Search code examples
pythoncluster-analysistopic-modeling

Topic modelling many documents with low memory overhead


I've been working on a topic modelling project using BERTopic 0.16.3, and the preliminary results were promising. However, as the project progressed and the requirements became apparent, I ran into a specific issue with scalability.

Specifically:

  • For development/testing, it needs to train reasonably quickly on a moderate number of documents (tens of thousands to low hundred thousands)
    • Our dev machines are Macs, so this probably has to be done on CPU
  • For production, it needs to train on a large number of documents (several million) without blowing up memory usage
    • For a baseline, with the default settings on my machine, BERTopic has a peak memory usage of roughly 35 kB per document, which easily becomes hundreds of GBs or even TBs for the amount of data that will be provided in production
    • Ideally, this would have peak memory usage sublinear in the number of documents.

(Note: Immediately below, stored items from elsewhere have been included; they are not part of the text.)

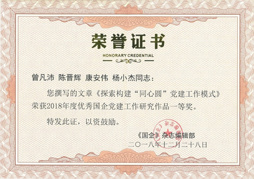 近日,《國企》雜志編輯部依據(jù)文章主題、文字闡述等質(zhì)量評審要素,對刊載于2018年度《國企·黨建》雜志的文章進(jìn)行評審,按黨建理論研究、工作研究、宣傳報道3大類評選出108篇優(yōu)秀作品。由公司黨委書記、董事長曾凡沛主持撰寫的《探索構(gòu)建“同心圓”黨建工作模式》榮獲2018年度優(yōu)秀國企黨建工作研究作品一等獎。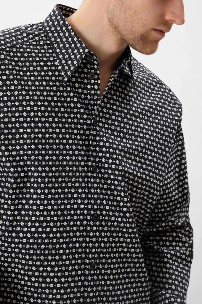 Рубашка Dolce & Gabbana станет основой повседневного образа. Для изготовления модели чёрного цвета используется мягкий хлопковый трикотаж с принтом в виде повторяющегося лого-монограммы бренда. Мягкая, приятная на ощупь хлопковая ткань хорошо пропускает воздух, а прямой крой не сковывает движения. Носите изделие с джинсами того же бренда.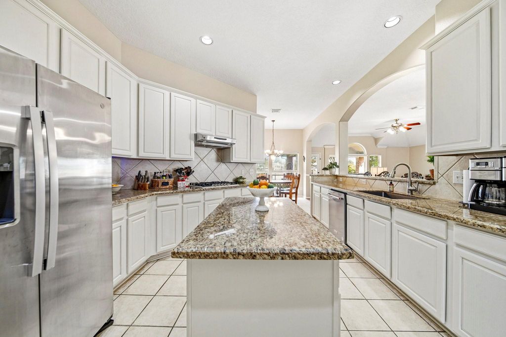 WATERFRONT LIVING BEHIND THE PRIVACY GATES! 3-bedroom, 2-bath, 2-car garage home with a study in a gated community, backing to the lake. This move-in ready home features high ceilings, beautiful architectural details, extensive crown molding, and wood-look laminate flooring throughout with no carpet. The kitchen offers stainless steel appliances and opens to an inviting layout designed for easy living and entertaining. A striking two-sided fireplace creates a warm focal point between the formal dining room and living room. The open floor plan flows seamlessly to the covered back patio, where you can relax or entertain while enjoying peaceful lake views. This one is truly special and will not last long.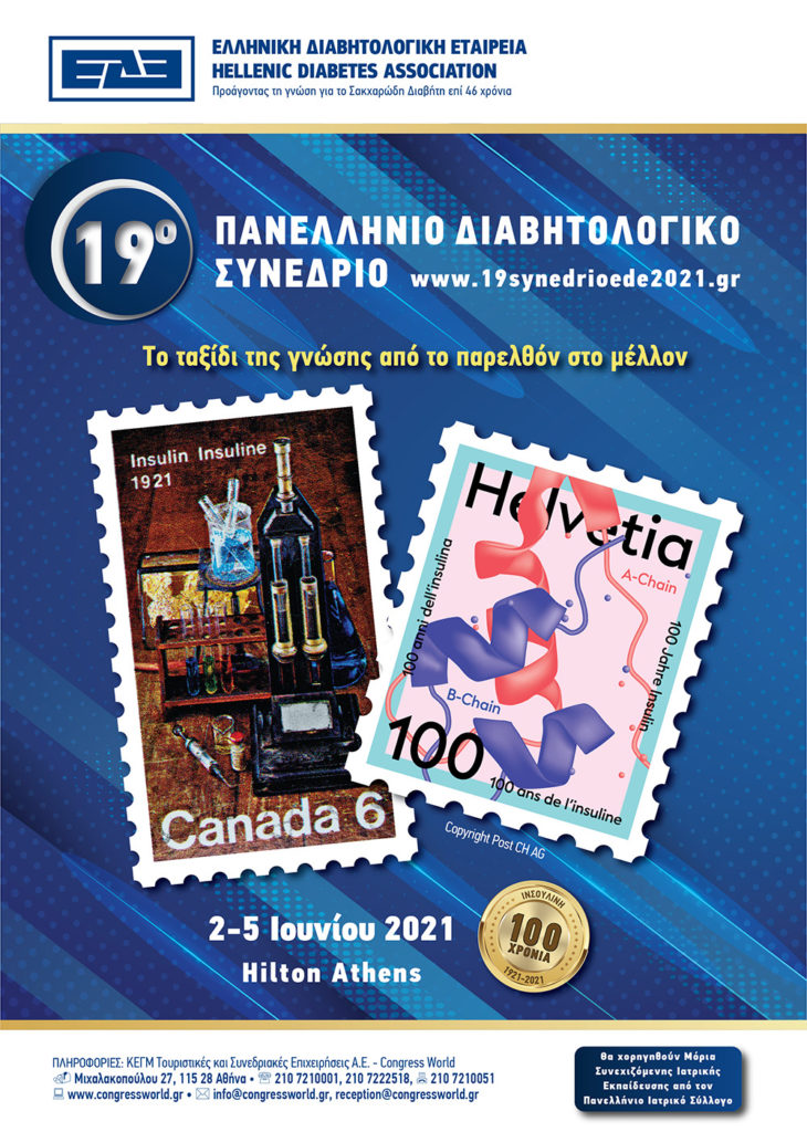 Η Ελληνική Διαβητολογική Εταιρεία οργανώνει και με χαρά σας προσκαλεί στο 19ο ΠΑΝΕΛΛΗΝΙΟ ΔΙΑΒΗΤΟΛΟΓΙΚΟ ΣΥΝΕΔΡΙΟ το οποίο θα διεξαχθεί στο Ξενοδοχείο HILTON της Αθήνας από Τετάρτη 2 έως και Σάββατο 5 Ιουνίου 2021.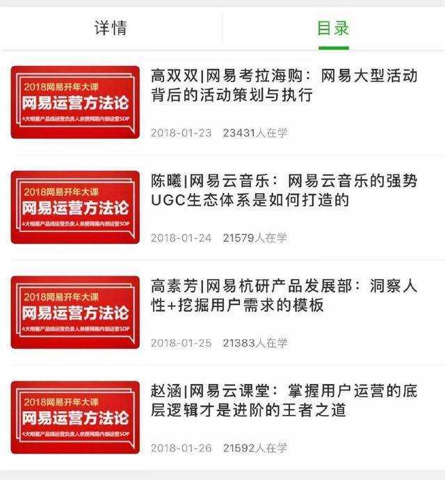 从昨天晚上到今天,不少人的朋友圈都被(上图)这红彤彤的一片网易海报给占领了。根据网友的推算,网易应该是昨晚8点左右推出的该课程。这是一款教人运营的课程,由网易考拉、云音乐、云课堂和网易行研产品发展部的四位产品运营负责人传授运营经验和技巧。文案上有“2018网易开年大课:4大明星产品运营负责人亲授网易内部运营SOP”的字样。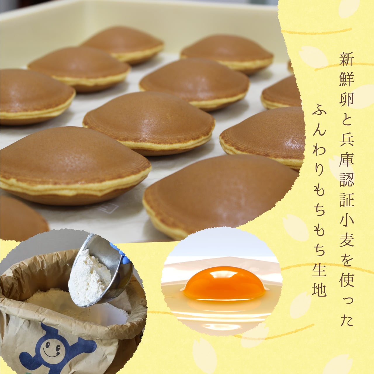 丹波市春日町・村上養鶏場の黄身の色が濃く旨みのある卵を一つずつ丁寧に割卵して使用しています。新鮮な卵と、兵庫県認証ブランドの小麦粉で仕立てた生地を銅板で焼き上げることで、卵本来のコクと自然な甘みが引き立ちます。ふんわりでありながら、しっとりもっちりとした食感に仕上げました。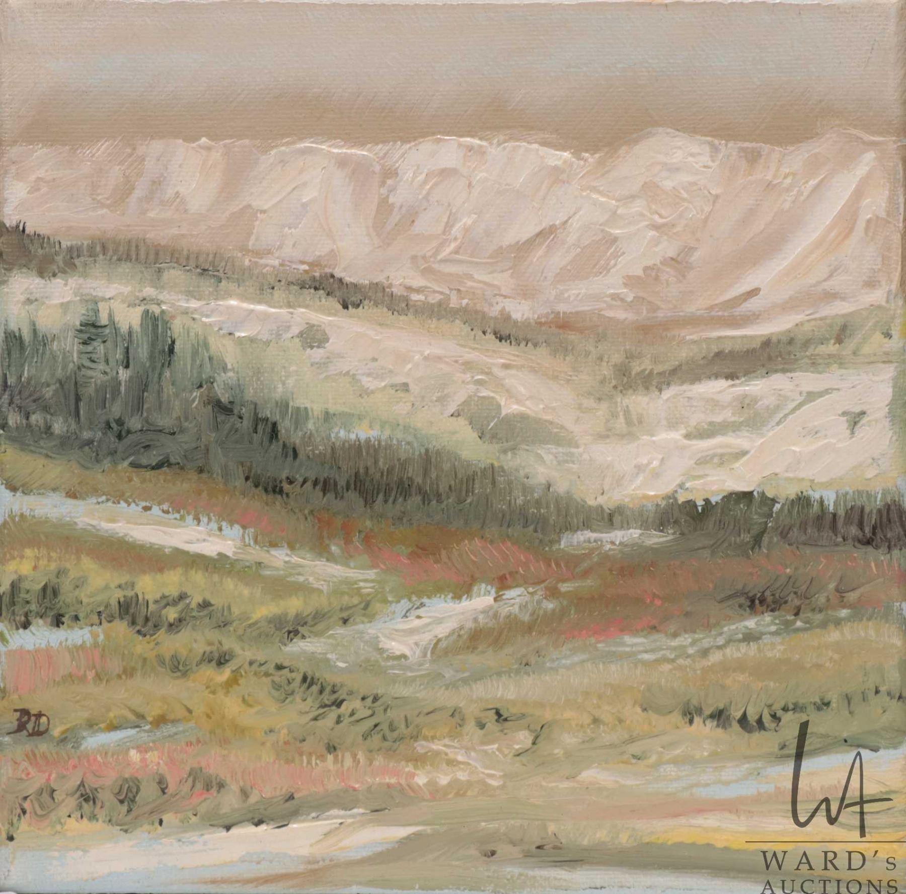 Richard Dixon framed acrylic on canvas painting of a wintry hillside, initialed by artist, 7" X 7"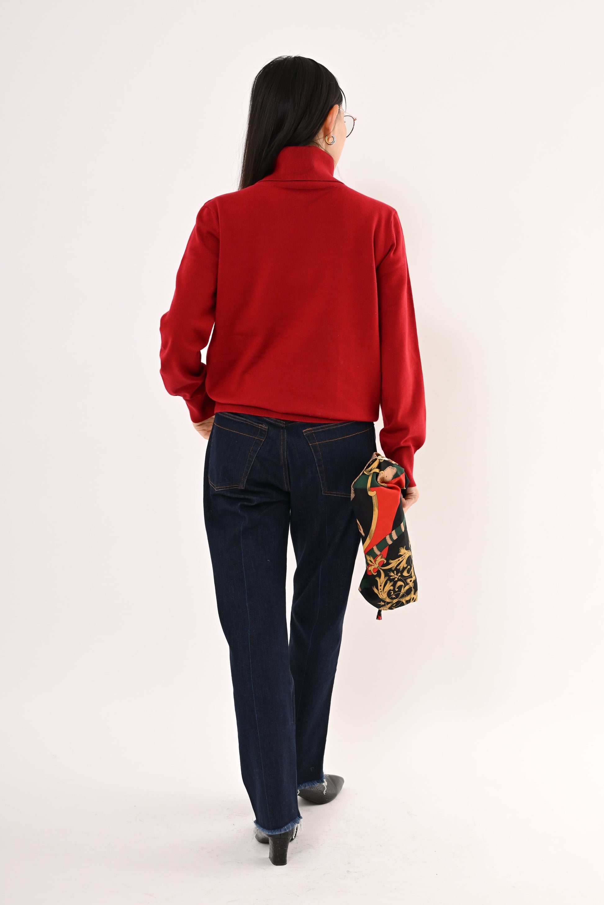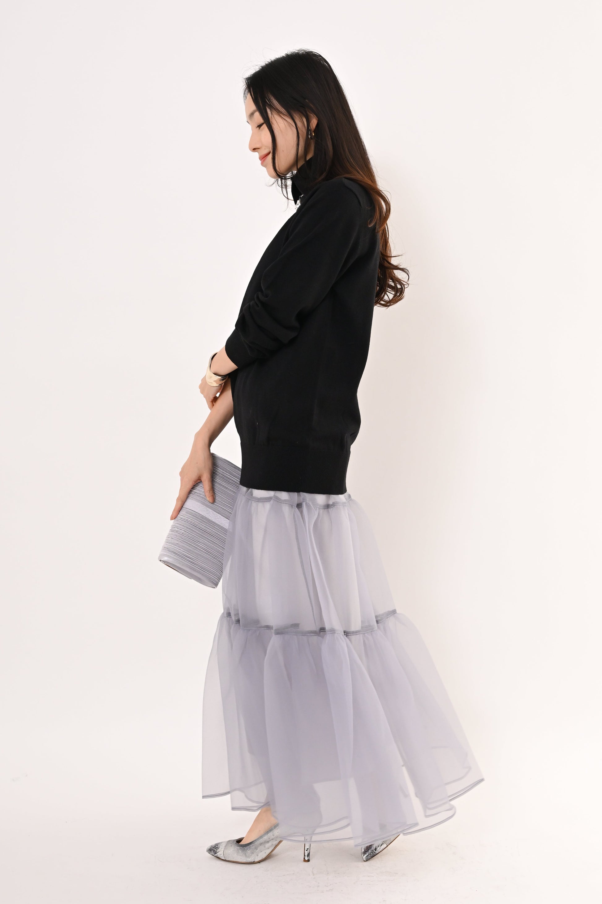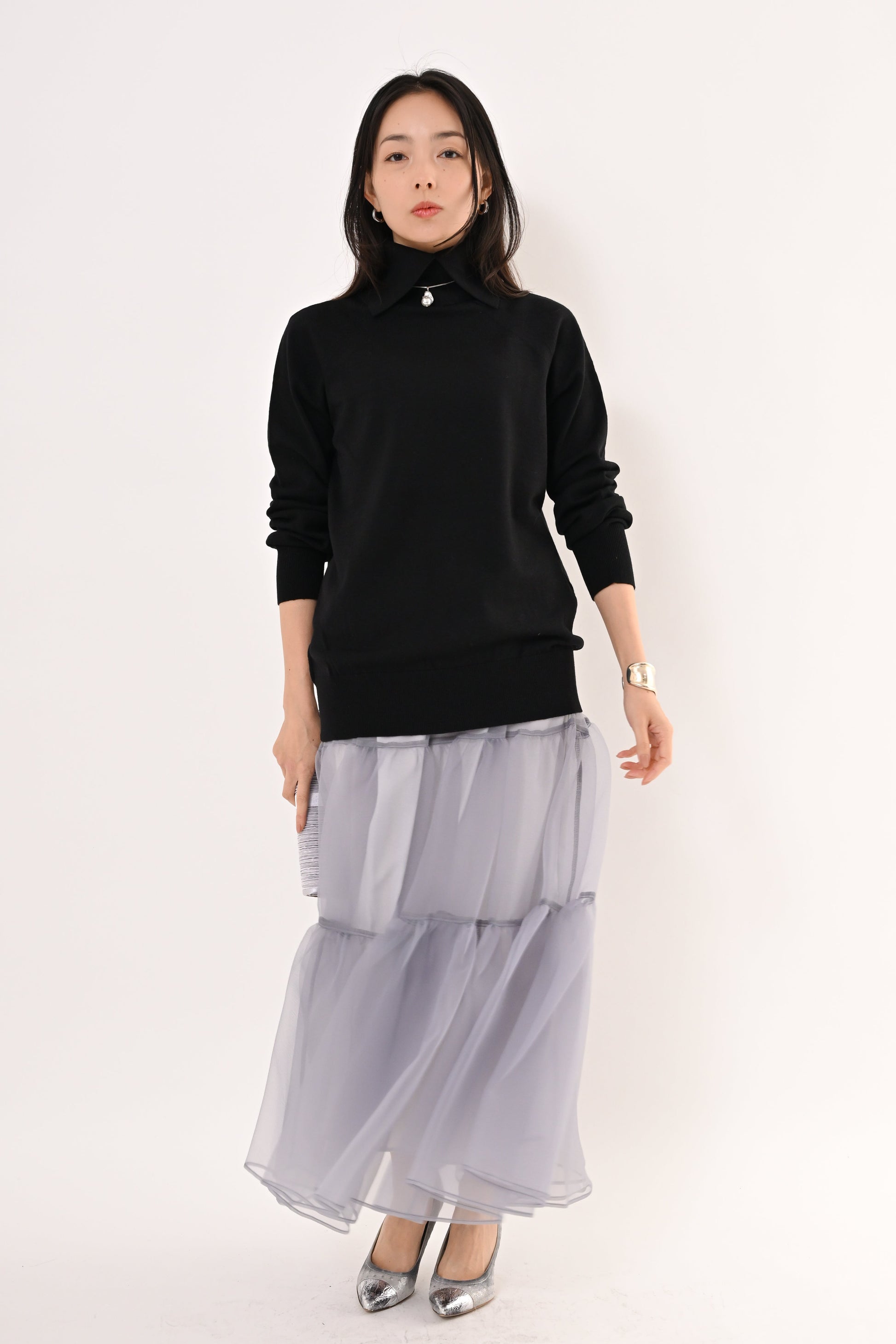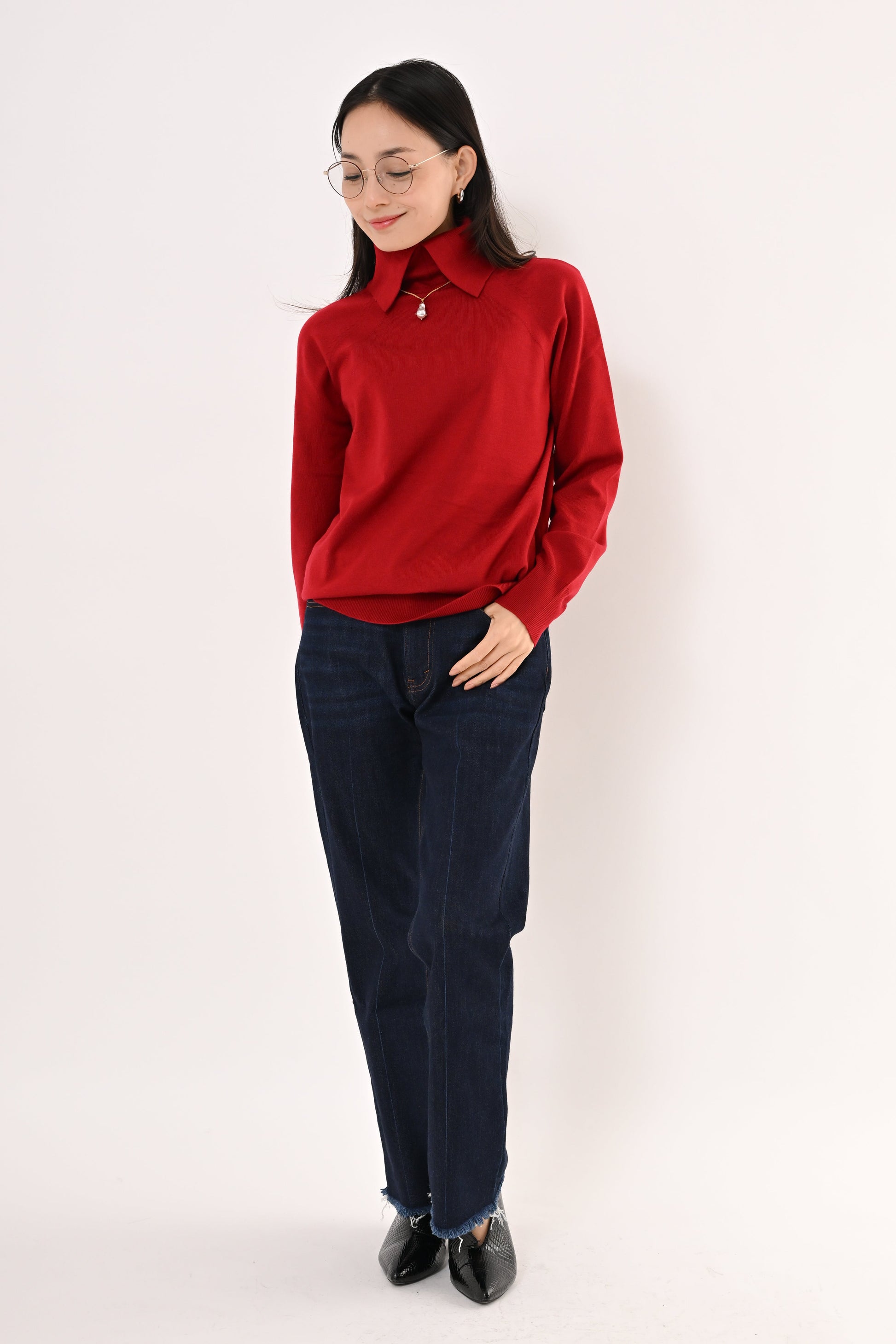レーヨン混ならではのなめらかでもちっとした肌ざわりが魅力の前後2WAY仕様のハイネックニット。

That last requirement necessitates batching the documents, since loading them all into memory at once requires linear memory. So, I've been looking into clustering algorithms that work with online topic modelling. BERTopic's documentation suggests scikit-learn's MiniBatchKMeans, but the results I'm getting from that aren't very good.

Some models I've looked at include:

  • Birch via scikit-learn: uses even more memory than BERTopic's default HDBSCAN even when batched. Also runs much slower.
  • IncrementalDBSCAN via incdbscan: Seemed promising at first, but the runtime and eventually memory ballooned. For ~120k documents in batches of 5000, it didn't use more than 4GB of RAM in the first 3½ hours, but didn't finish within ten hours, and used nearly 40GB of RAM at some point in the middle.
  • AgglomerativeClustering via scikit-learn: gave very good results from initial testing (perhaps even better than HDBSCAN), but it doesn't implement the partial_fit method. I found this answer on a different question which suggests it's possible to train two of them using single linkage independently and then merge them, but it gives no indication as to how.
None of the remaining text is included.